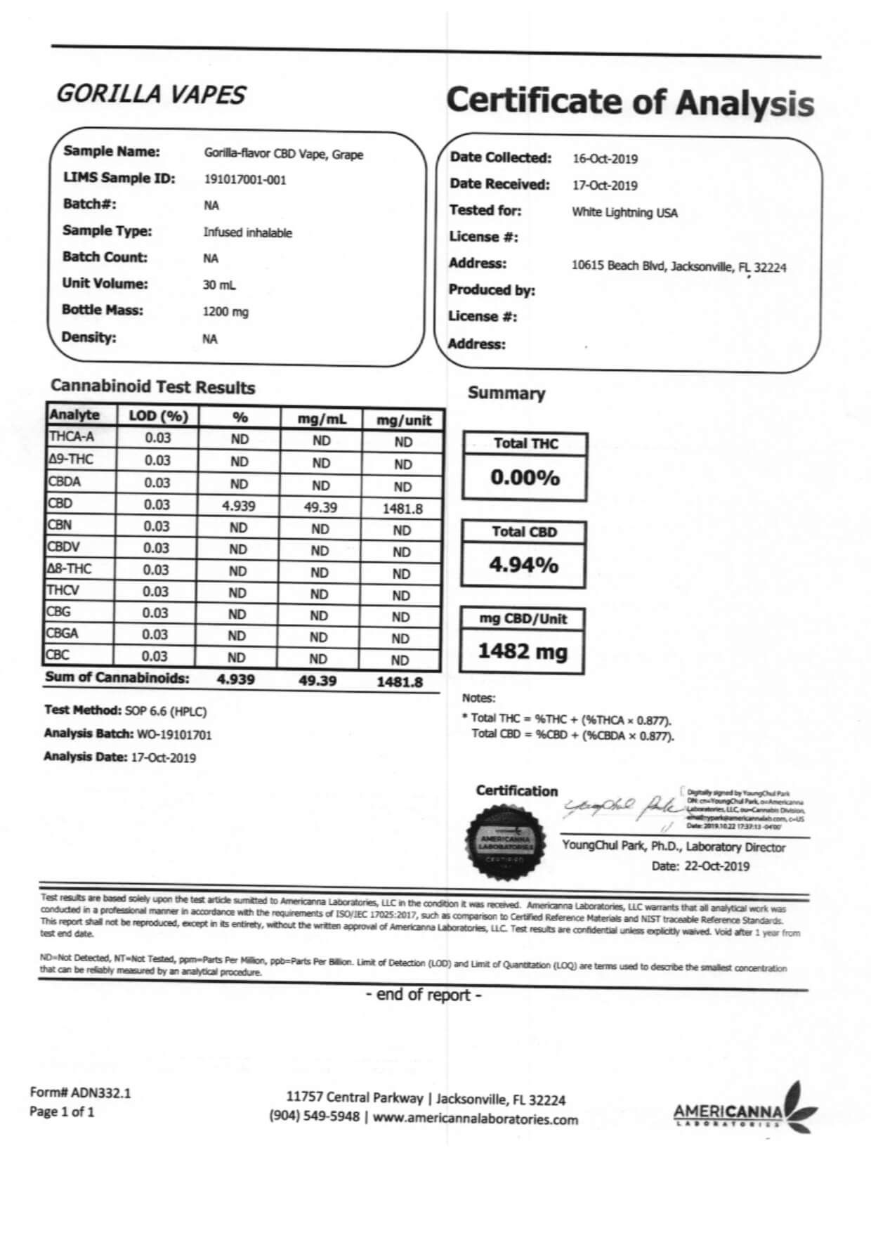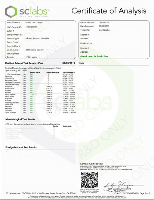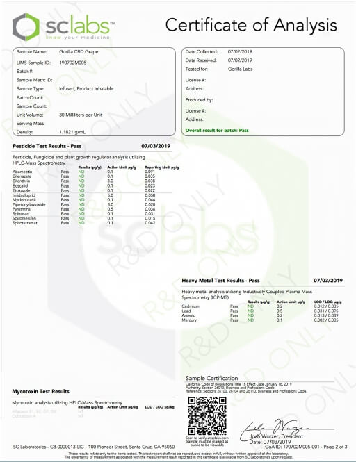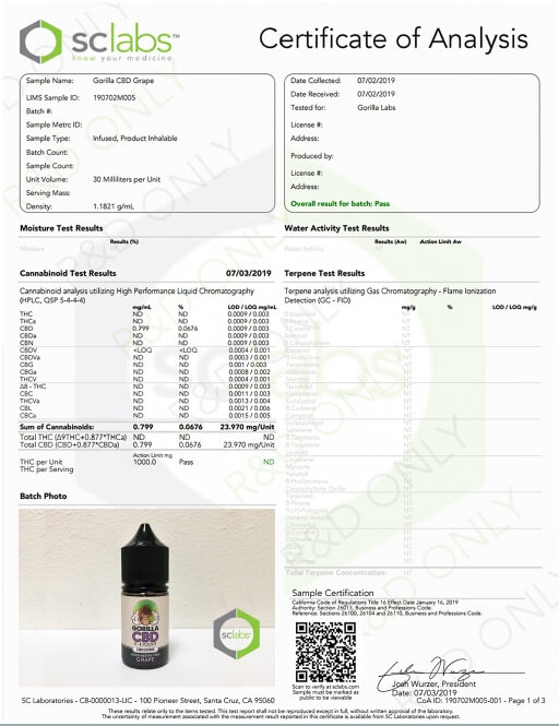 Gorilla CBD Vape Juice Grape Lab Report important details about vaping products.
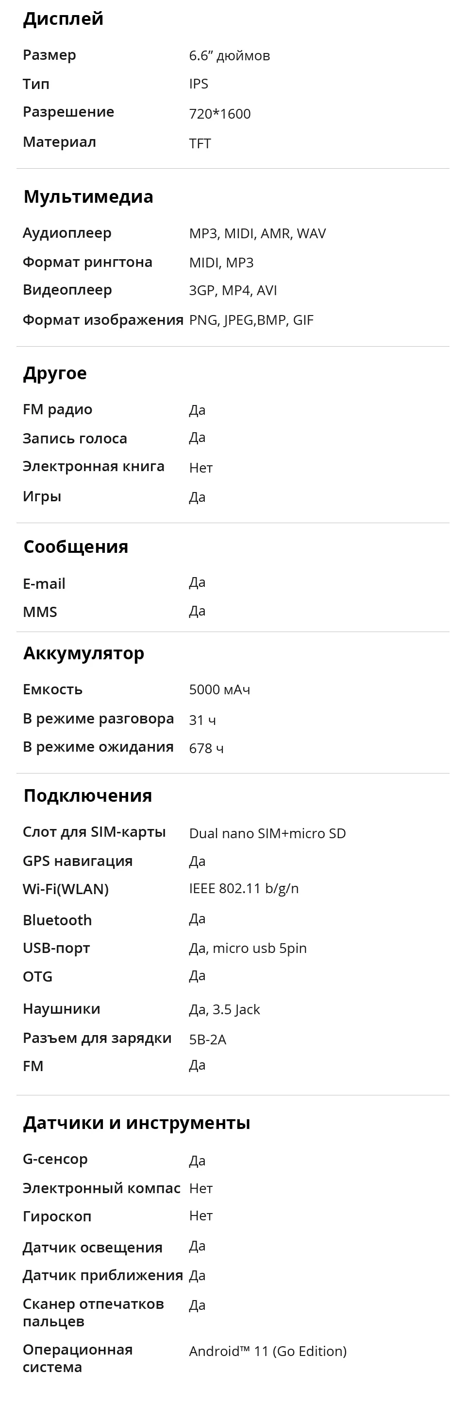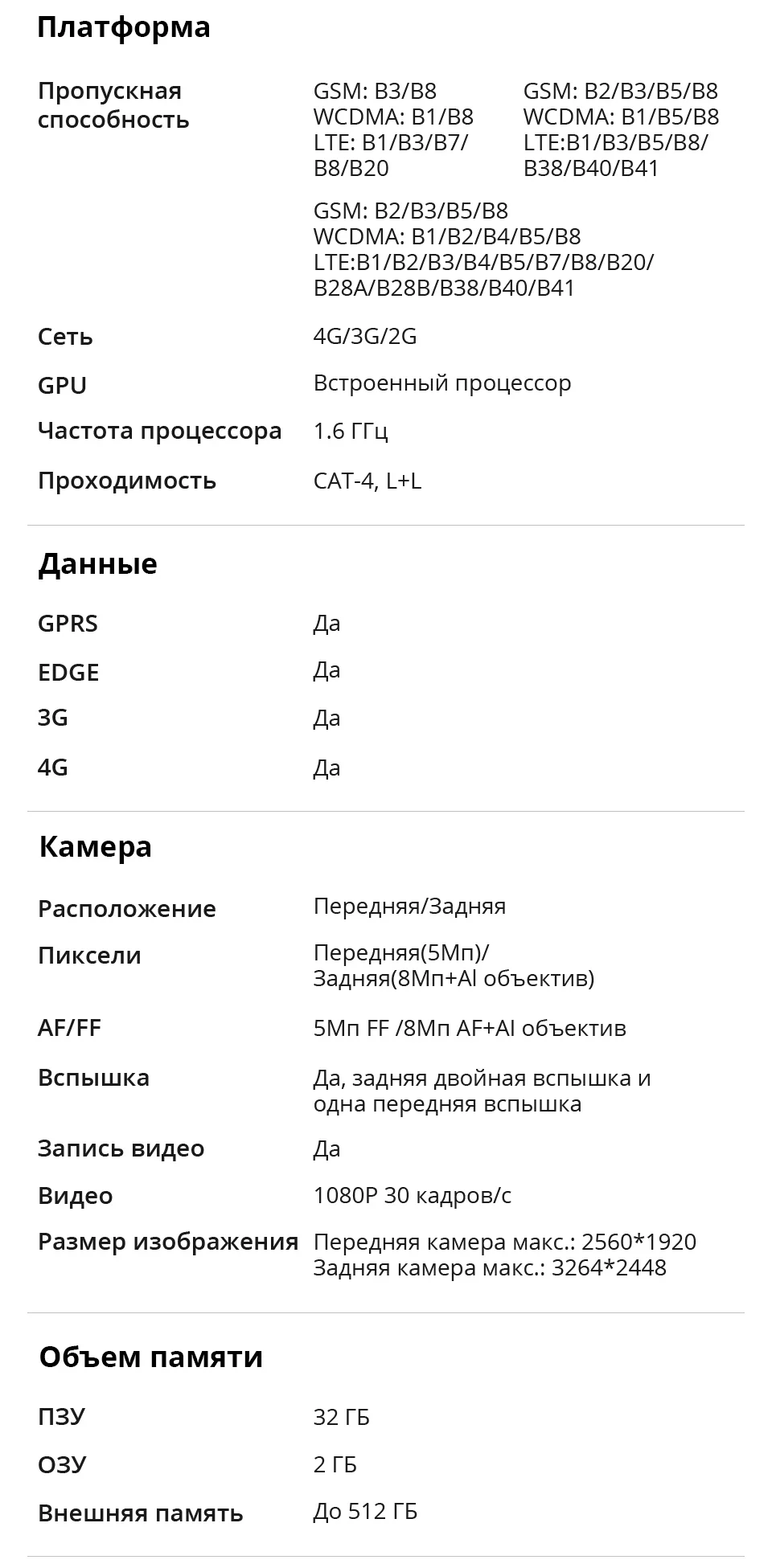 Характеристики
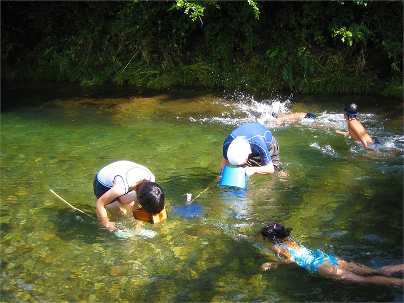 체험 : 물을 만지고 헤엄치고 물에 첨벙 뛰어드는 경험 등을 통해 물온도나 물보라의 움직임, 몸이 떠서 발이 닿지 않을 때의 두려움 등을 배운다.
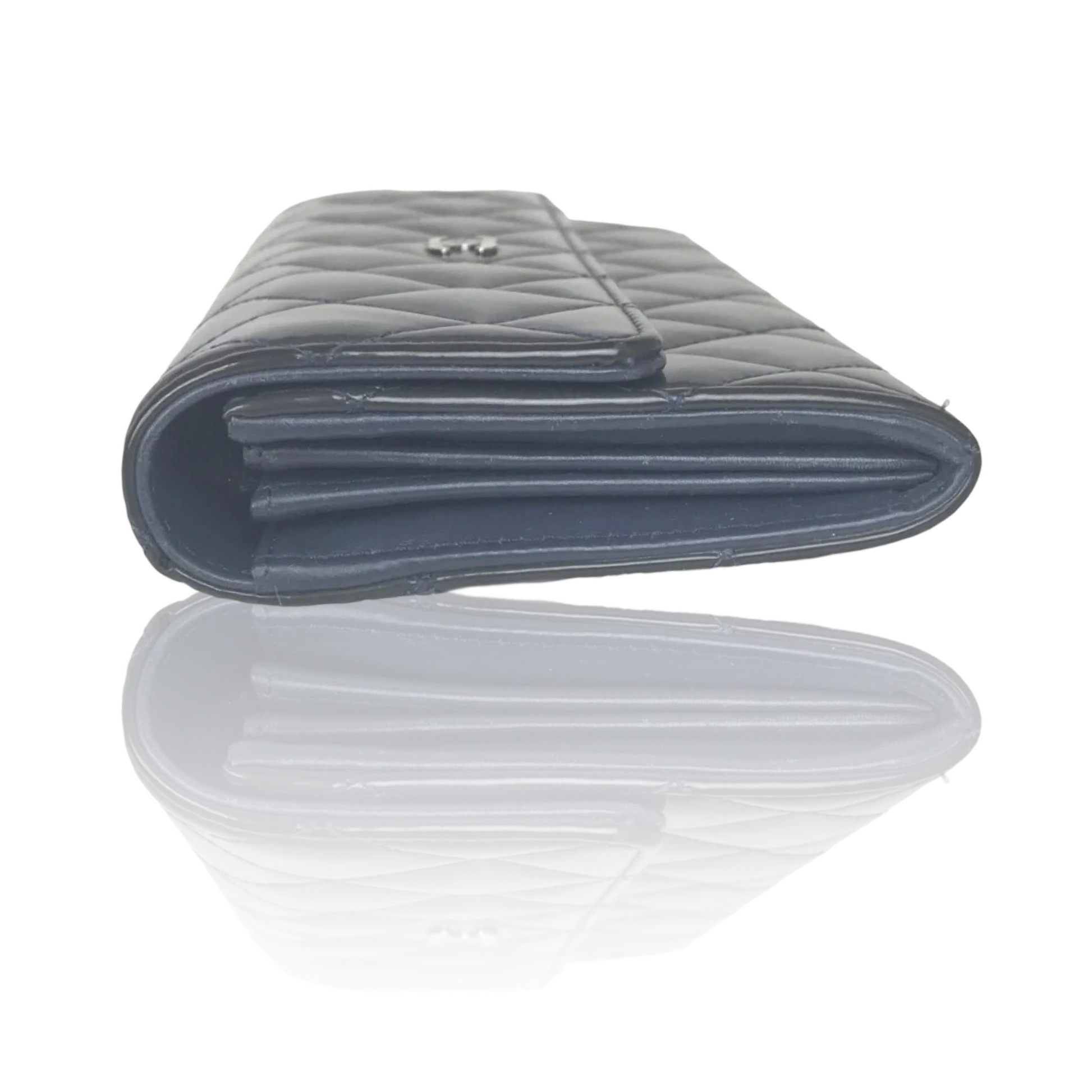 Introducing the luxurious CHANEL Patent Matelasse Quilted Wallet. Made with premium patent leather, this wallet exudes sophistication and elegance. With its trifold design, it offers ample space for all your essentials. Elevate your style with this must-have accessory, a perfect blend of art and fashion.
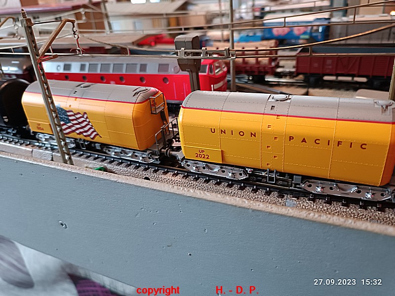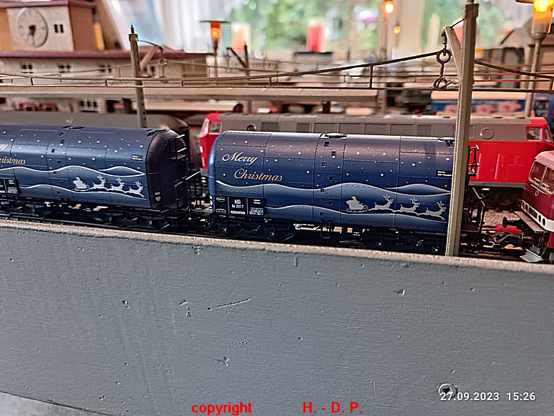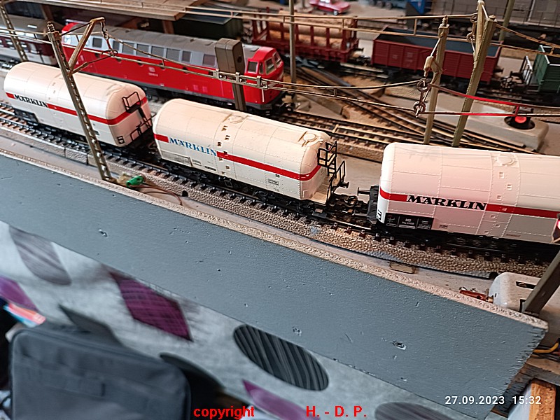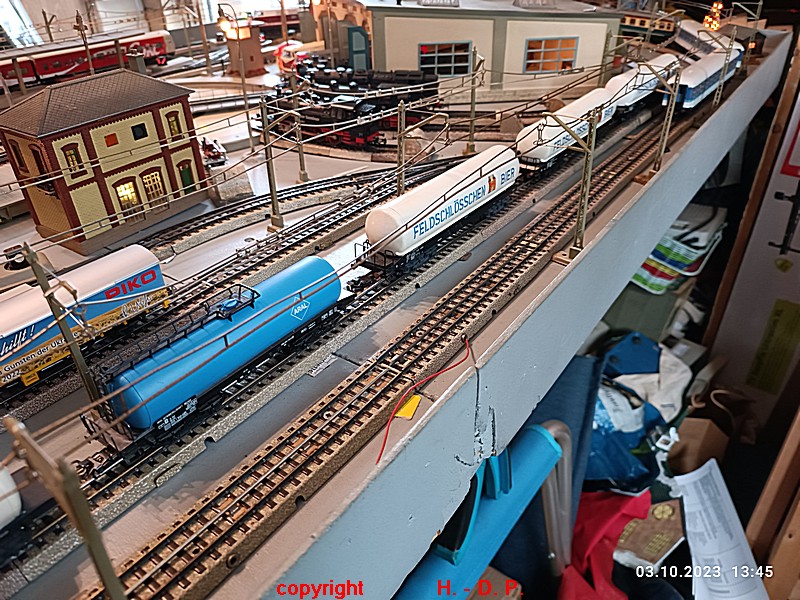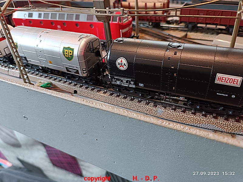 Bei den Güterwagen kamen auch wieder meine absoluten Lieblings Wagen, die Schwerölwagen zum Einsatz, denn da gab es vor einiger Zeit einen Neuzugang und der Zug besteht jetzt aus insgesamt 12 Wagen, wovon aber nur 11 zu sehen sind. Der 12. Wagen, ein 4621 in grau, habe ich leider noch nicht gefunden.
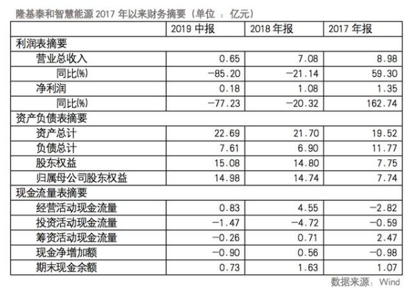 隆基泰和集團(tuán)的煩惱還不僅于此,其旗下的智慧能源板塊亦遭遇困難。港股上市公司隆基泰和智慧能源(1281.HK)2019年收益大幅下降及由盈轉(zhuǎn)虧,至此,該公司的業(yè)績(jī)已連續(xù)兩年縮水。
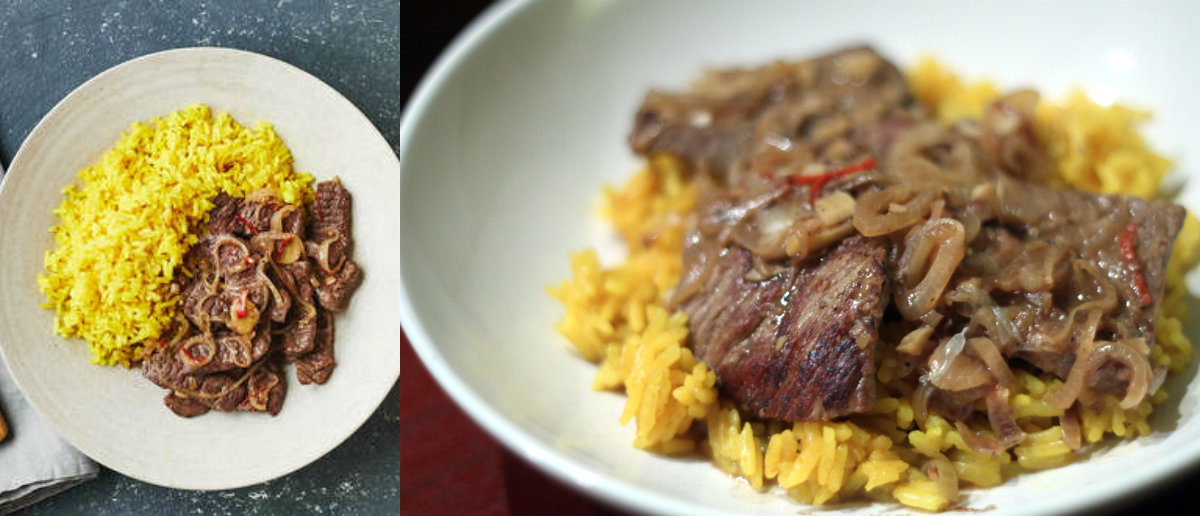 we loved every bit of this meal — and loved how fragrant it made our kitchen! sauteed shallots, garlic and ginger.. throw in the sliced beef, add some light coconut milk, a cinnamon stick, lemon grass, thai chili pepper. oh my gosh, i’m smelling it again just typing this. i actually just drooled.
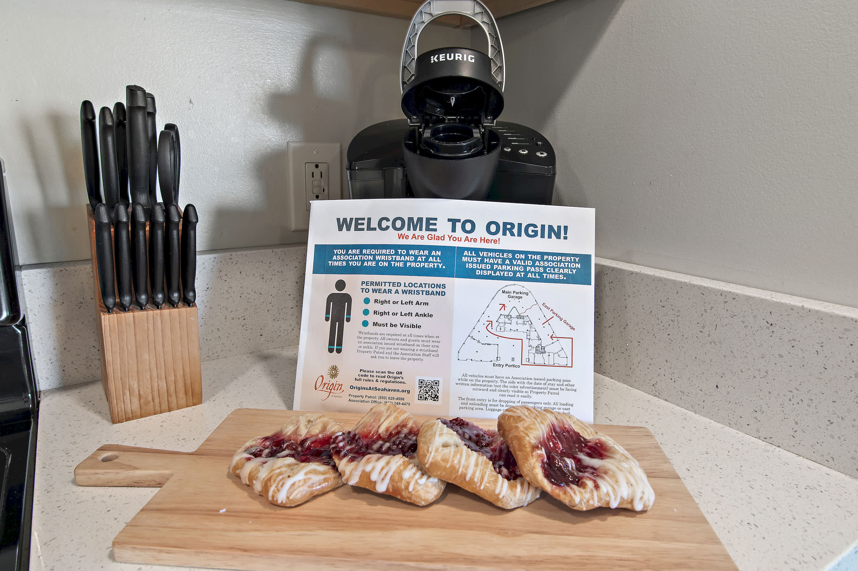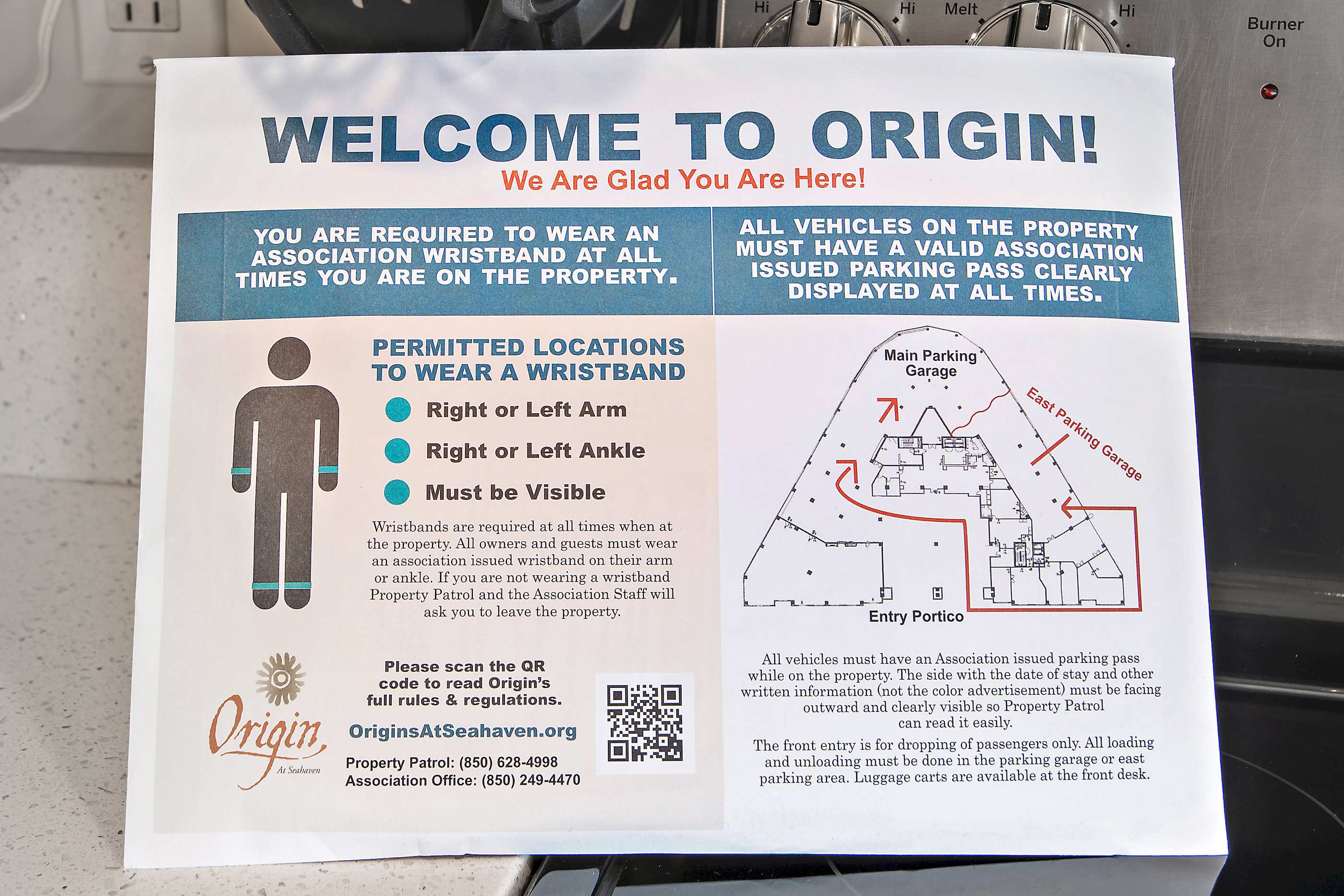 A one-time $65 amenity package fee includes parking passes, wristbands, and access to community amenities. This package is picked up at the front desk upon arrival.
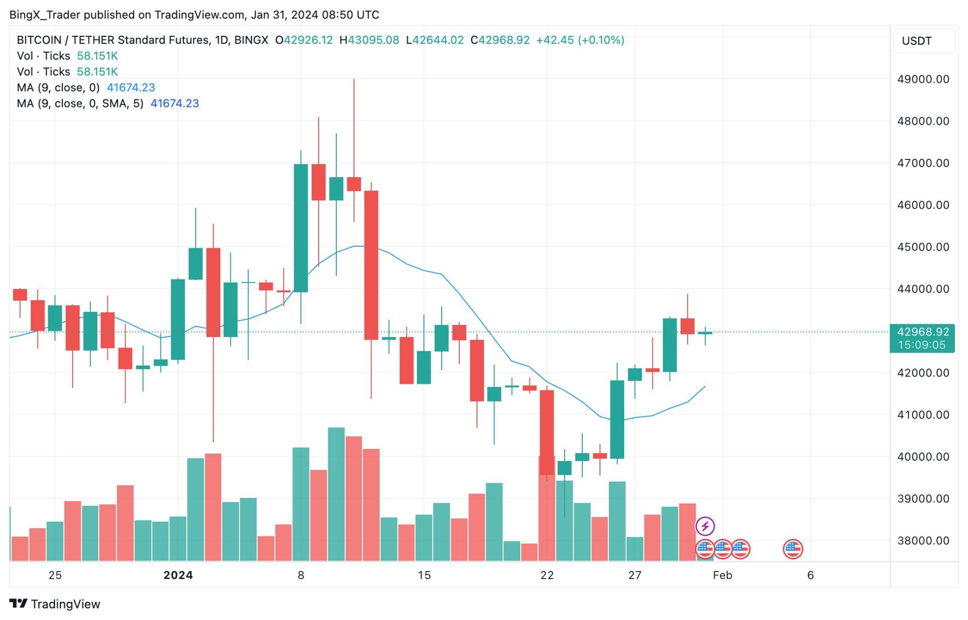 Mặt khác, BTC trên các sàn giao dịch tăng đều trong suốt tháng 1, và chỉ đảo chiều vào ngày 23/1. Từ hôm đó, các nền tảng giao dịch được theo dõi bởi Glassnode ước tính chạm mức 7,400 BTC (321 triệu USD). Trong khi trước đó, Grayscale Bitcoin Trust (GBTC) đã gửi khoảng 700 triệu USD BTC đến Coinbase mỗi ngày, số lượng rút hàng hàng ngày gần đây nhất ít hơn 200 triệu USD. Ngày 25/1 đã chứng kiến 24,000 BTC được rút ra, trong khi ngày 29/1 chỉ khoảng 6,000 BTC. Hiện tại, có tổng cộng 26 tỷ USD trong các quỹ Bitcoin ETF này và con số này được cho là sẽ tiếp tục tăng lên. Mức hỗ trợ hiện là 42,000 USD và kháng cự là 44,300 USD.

********************

**What is being asked:** Reproduce exactly the lines above starting at the line containing "체험 : 물을 만지고" and ending at the line containing "Introducing the luxurious", including both, but not the pictures.

**Finished exercise:**
 체험 : 물을 만지고 헤엄치고 물에 첨벙 뛰어드는 경험 등을 통해 물온도나 물보라의 움직임, 몸이 떠서 발이 닿지 않을 때의 두려움 등을 배운다.
 Introducing the luxurious CHANEL Patent Matelasse Quilted Wallet. Made with premium patent leather, this wallet exudes sophistication and elegance. With its trifold design, it offers ample space for all your essentials. Elevate your style with this must-have accessory, a perfect blend of art and fashion.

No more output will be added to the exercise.